Arthropods have a segmented body (metamerized body), articulated appendages (paws, antennas and palps, etc.) and body covered with exoskeleton formed by a resistant and impermeable substance called chitin. Chitin is a polysaccharide nitrogenous polymer impregnated with wax layers.
In some, the exoskeleton is reinforced by the deposition of calcium carbonate (limestone). The skeleton covers the whole body, except the joints, forming, in the body segments, true plates.
Growing up, arthropods must abandon the old, small skeleton and make a larger one. This phenomenon is called mute or ecdise and occurs several times until growth ceases in adulthood. The carapaces left during the seedlings are the exuberant (from Latin exuviae, "dropped dresses").
Arthropods, however, have not only articulated paws, but all their ends and ends, such as antennas and mouthpieces. Your lower limbs are formed by parts that articulate, that is, that move relative to each other: your feet articulate with your legs, which also articulate with your thighs, which also articulate with the hip bones. .
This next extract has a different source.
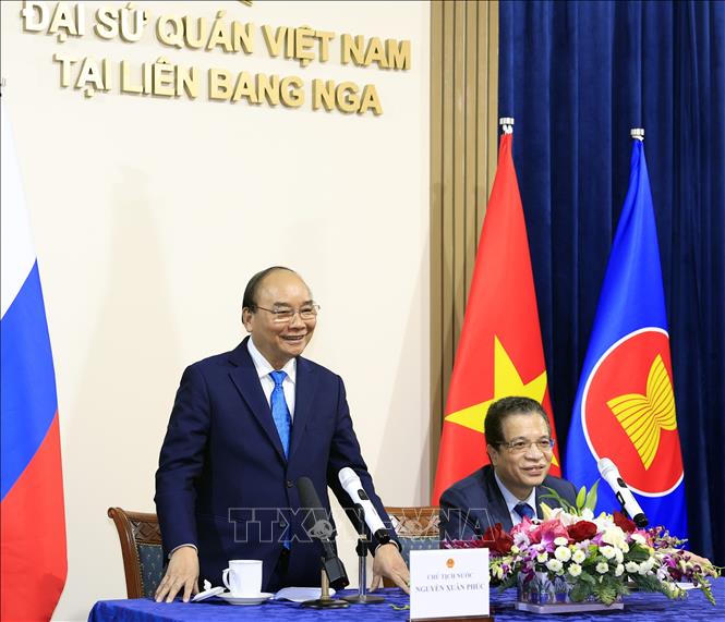 Phát biểu tại buổi gặp mặt, Chủ tịch nước Nguyễn Xuân Phúc cho biết, vừa có cuộc hội đàm rất thành công với Tổng thống Nga Vladimir Putin. Hai nhà lãnh đạo cùng nhau thảo luận tới 20 vấn đề hợp tác giữa hai nước. Các vấn đề thảo luận giữa hai nhà lãnh đạo đều có sự thống nhất cao, trong đó có nhiều vấn đề Việt Nam nêu ra đều nhận được sự ủng hộ, tán thành của Tổng thống Nga Putin. Hai nhà lãnh đạo nhất trí ra Tuyên bố chung về Tầm nhìn quan hệ Đối tác chiến lược toàn diện giữa Cộng hòa xã hội chủ nghĩa Việt Nam và Liên bang Nga đến năm 2030.

Arthropods are usually classified by taking into account body divisions, the number of paws and the existence or otherwise of antennae and other appendages (pedipalps and chelicerae, for example). Taking these elements and the evolutionary approach into account, the representatives of the phylum Arthropoda would be grouped into five subphyls, one of which is now extinct, and some major classes, as we shall see below.